**Directions for this task**: Please retype every entry as written, and keep the pictures out.

(Dataset records)
----

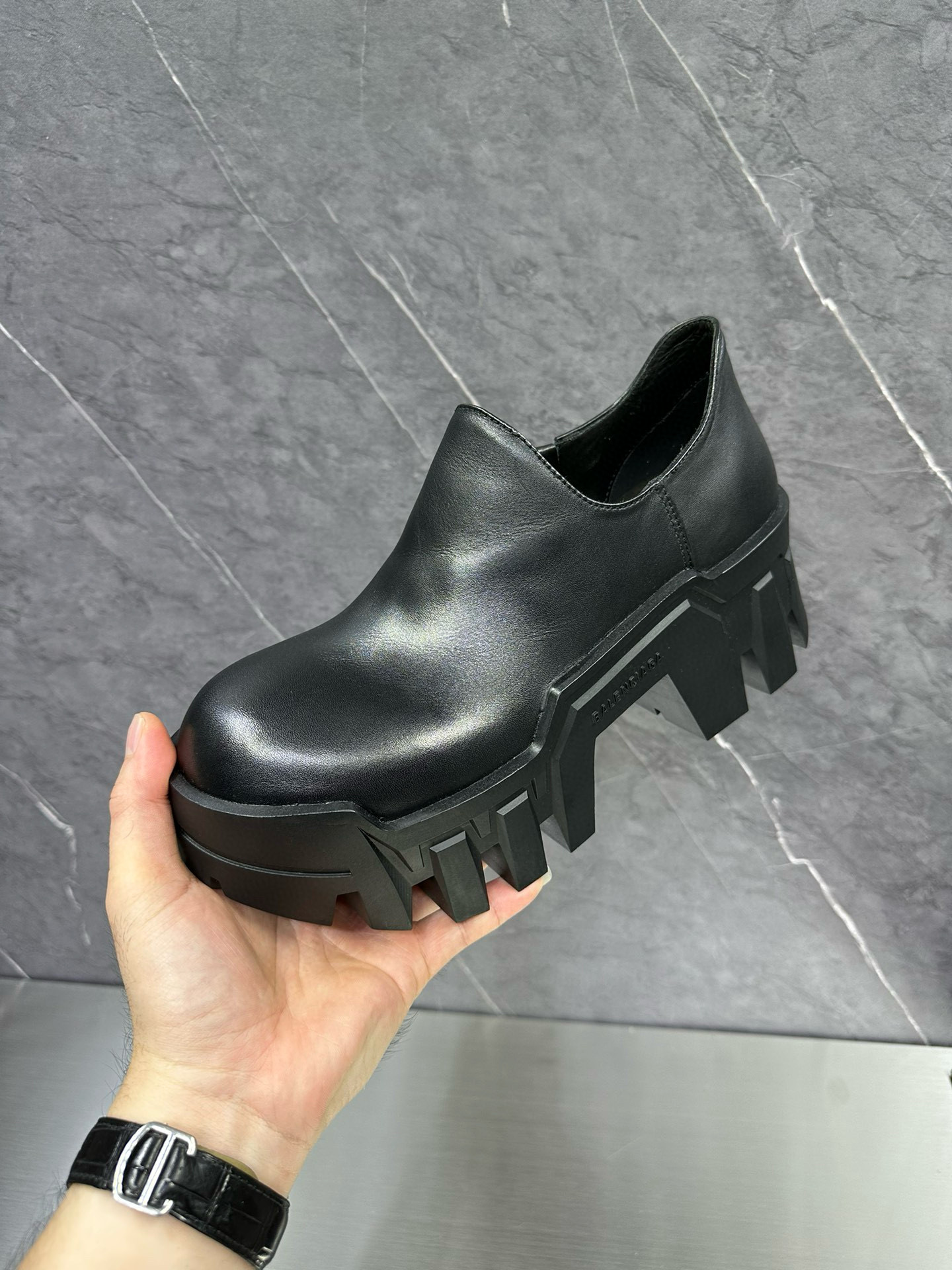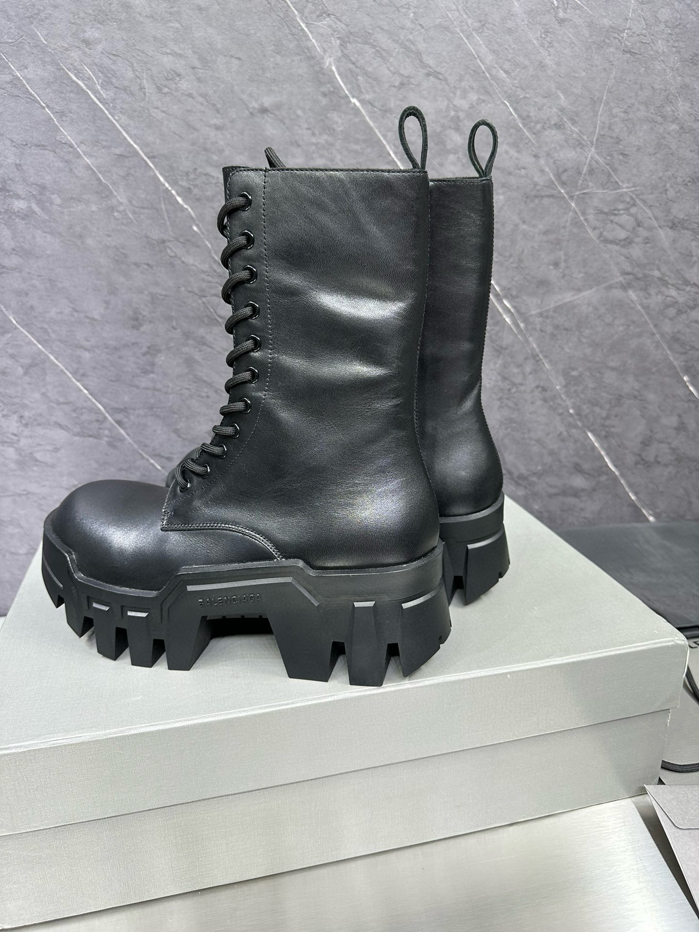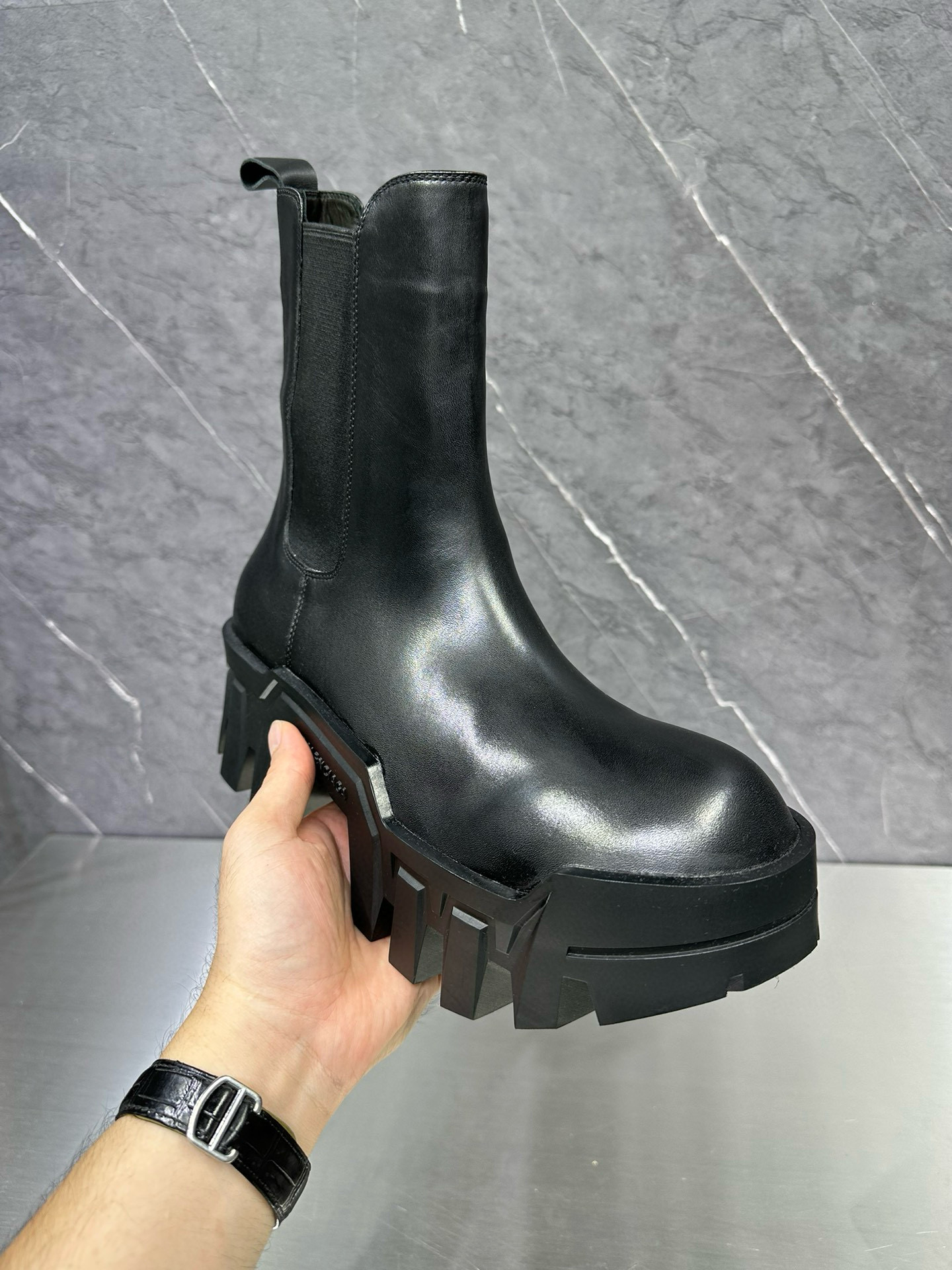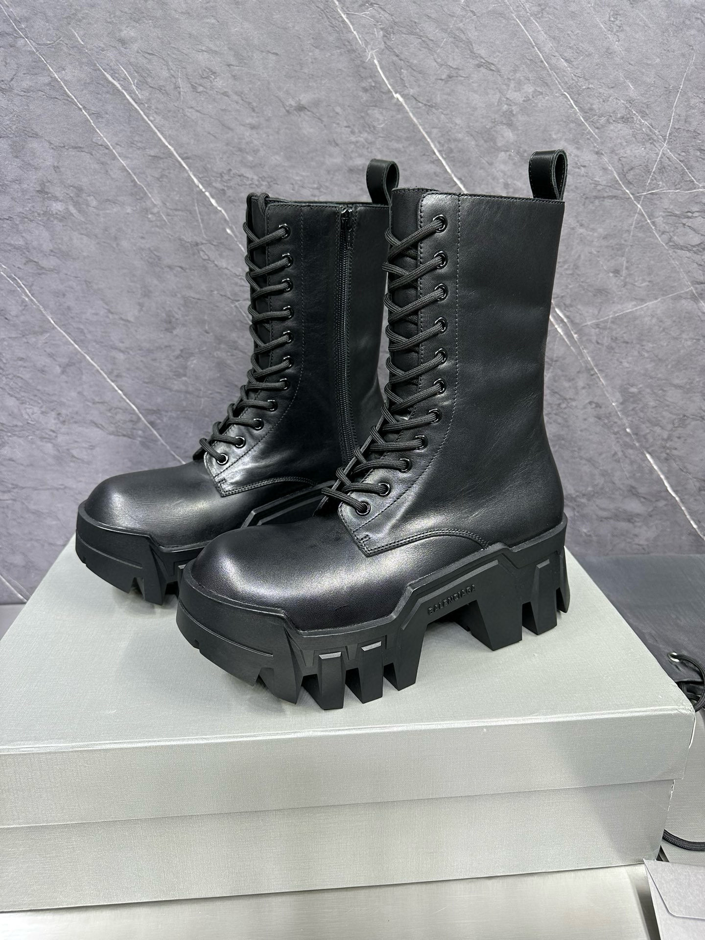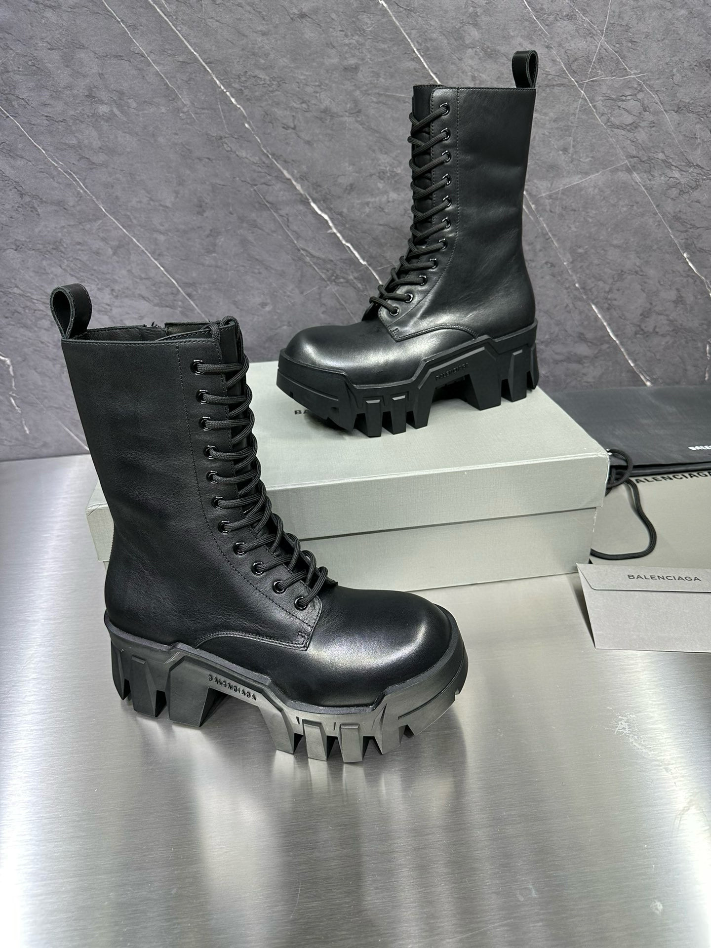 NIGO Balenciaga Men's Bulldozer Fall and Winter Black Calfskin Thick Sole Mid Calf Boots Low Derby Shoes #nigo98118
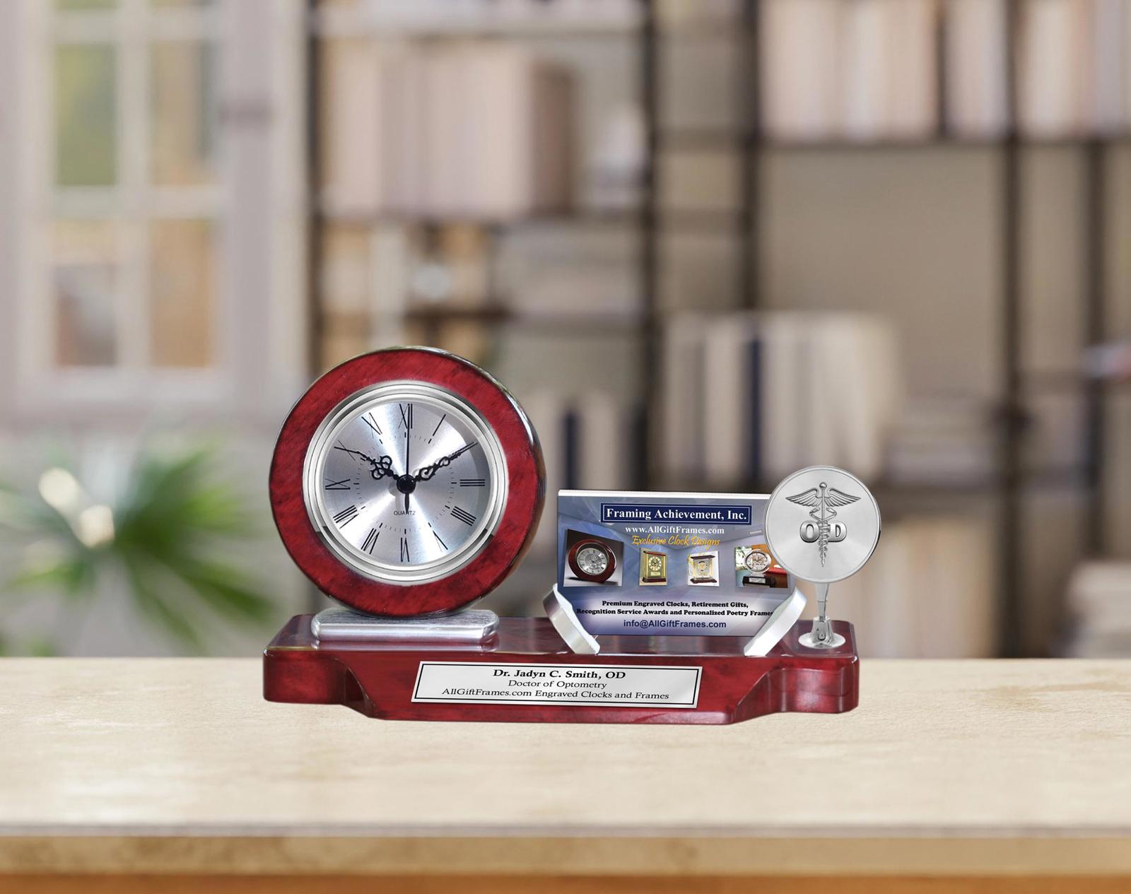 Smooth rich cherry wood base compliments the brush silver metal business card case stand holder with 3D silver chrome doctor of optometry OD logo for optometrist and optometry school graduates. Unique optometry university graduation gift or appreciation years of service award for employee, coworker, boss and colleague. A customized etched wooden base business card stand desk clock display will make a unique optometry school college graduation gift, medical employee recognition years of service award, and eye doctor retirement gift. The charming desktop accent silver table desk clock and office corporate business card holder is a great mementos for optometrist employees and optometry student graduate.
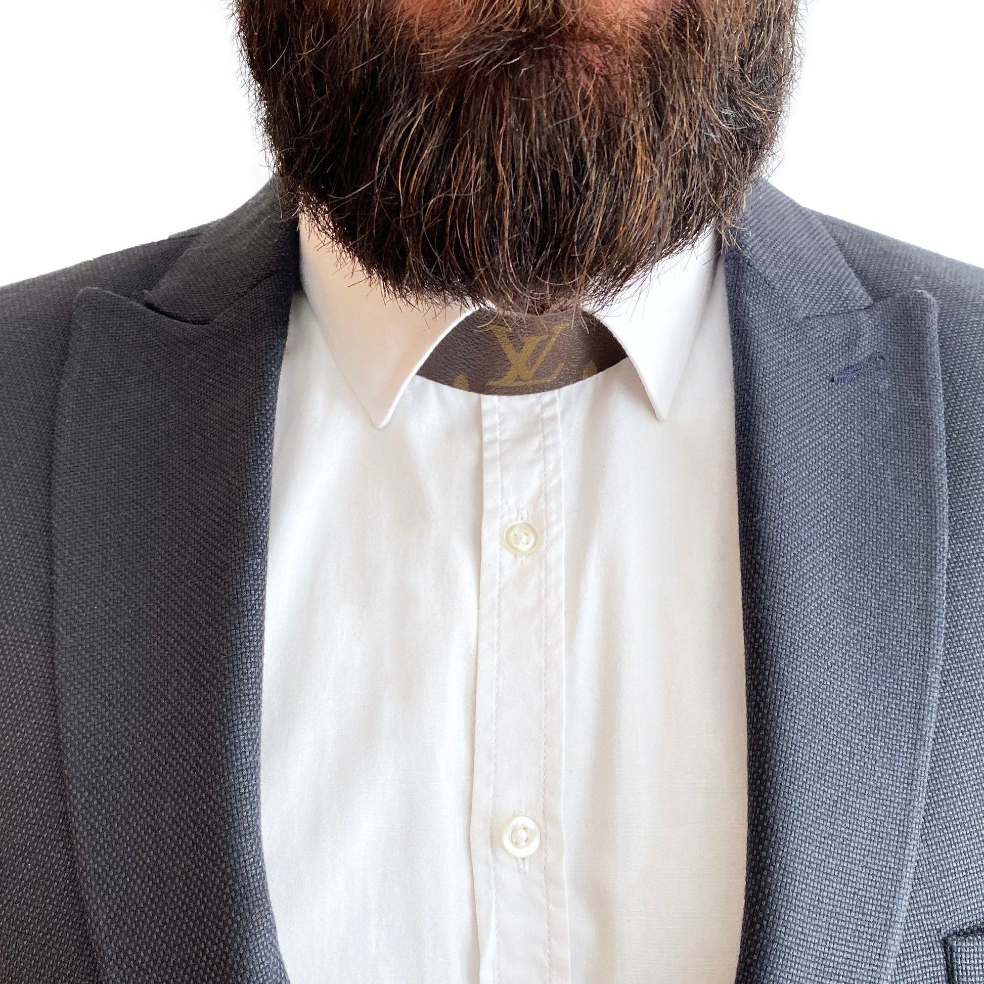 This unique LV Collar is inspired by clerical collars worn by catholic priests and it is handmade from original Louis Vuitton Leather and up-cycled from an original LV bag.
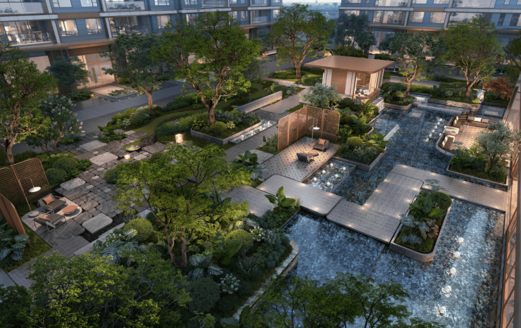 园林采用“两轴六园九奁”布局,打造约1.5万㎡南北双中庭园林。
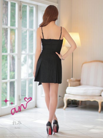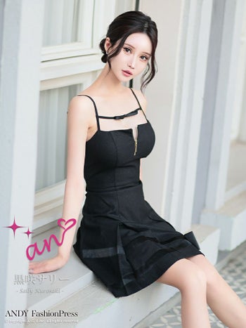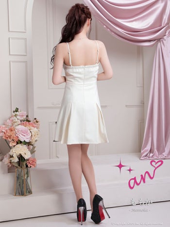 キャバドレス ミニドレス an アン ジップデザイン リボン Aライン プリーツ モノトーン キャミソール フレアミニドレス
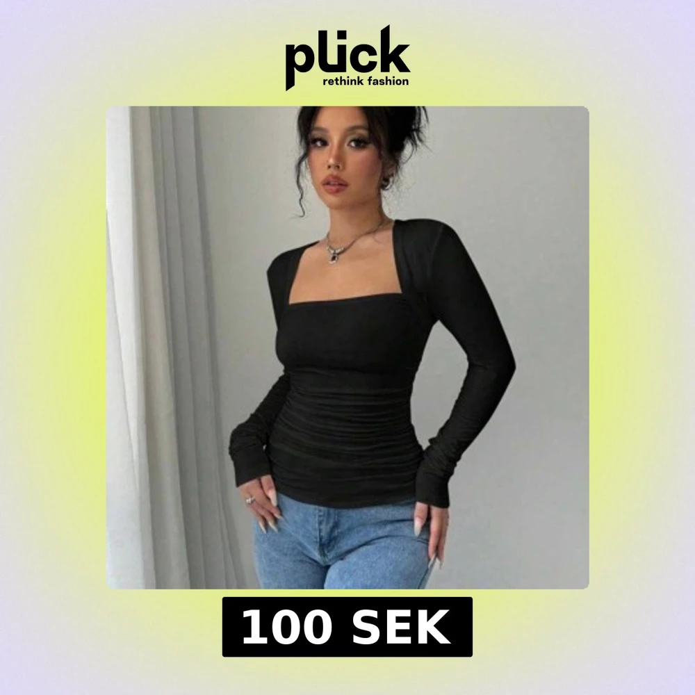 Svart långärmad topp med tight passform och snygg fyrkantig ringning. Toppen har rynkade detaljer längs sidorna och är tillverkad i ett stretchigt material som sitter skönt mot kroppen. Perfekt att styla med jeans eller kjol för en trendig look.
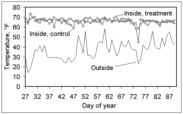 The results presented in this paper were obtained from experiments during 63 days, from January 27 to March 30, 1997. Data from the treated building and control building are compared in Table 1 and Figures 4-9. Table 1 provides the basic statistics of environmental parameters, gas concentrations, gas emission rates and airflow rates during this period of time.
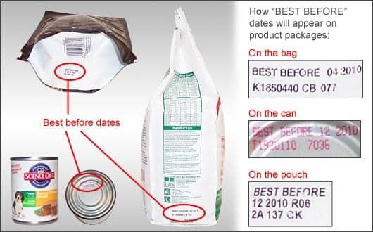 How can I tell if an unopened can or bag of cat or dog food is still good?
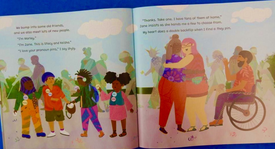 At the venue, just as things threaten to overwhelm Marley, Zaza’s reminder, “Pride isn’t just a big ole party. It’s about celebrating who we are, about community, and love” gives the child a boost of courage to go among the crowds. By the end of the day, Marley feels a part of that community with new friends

----

**Task solution**:
 NIGO Balenciaga Men's Bulldozer Fall and Winter Black Calfskin Thick Sole Mid Calf Boots Low Derby Shoes #nigo98118
 Smooth rich cherry wood base compliments the brush silver metal business card case stand holder with 3D silver chrome doctor of optometry OD logo for optometrist and optometry school graduates. Unique optometry university graduation gift or appreciation years of service award for employee, coworker, boss and colleague. A customized etched wooden base business card stand desk clock display will make a unique optometry school college graduation gift, medical employee recognition years of service award, and eye doctor retirement gift. The charming desktop accent silver table desk clock and office corporate business card holder is a great mementos for optometrist employees and optometry student graduate.
 This unique LV Collar is inspired by clerical collars worn by catholic priests and it is handmade from original Louis Vuitton Leather and up-cycled from an original LV bag.
 园林采用“两轴六园九奁”布局,打造约1.5万㎡南北双中庭园林。
 キャバドレス ミニドレス an アン ジップデザイン リボン Aライン プリーツ モノトーン キャミソール フレアミニドレス
 Svart långärmad topp med tight passform och snygg fyrkantig ringning. Toppen har rynkade detaljer längs sidorna och är tillverkad i ett stretchigt material som sitter skönt mot kroppen. Perfekt att styla med jeans eller kjol för en trendig look.
 The results presented in this paper were obtained from experiments during 63 days, from January 27 to March 30, 1997. Data from the treated building and control building are compared in Table 1 and Figures 4-9. Table 1 provides the basic statistics of environmental parameters, gas concentrations, gas emission rates and airflow rates during this period of time.
 How can I tell if an unopened can or bag of cat or dog food is still good?
 At the venue, just as things threaten to overwhelm Marley, Zaza’s reminder, “Pride isn’t just a big ole party. It’s about celebrating who we are, about community, and love” gives the child a boost of courage to go among the crowds. By the end of the day, Marley feels a part of that community with new friends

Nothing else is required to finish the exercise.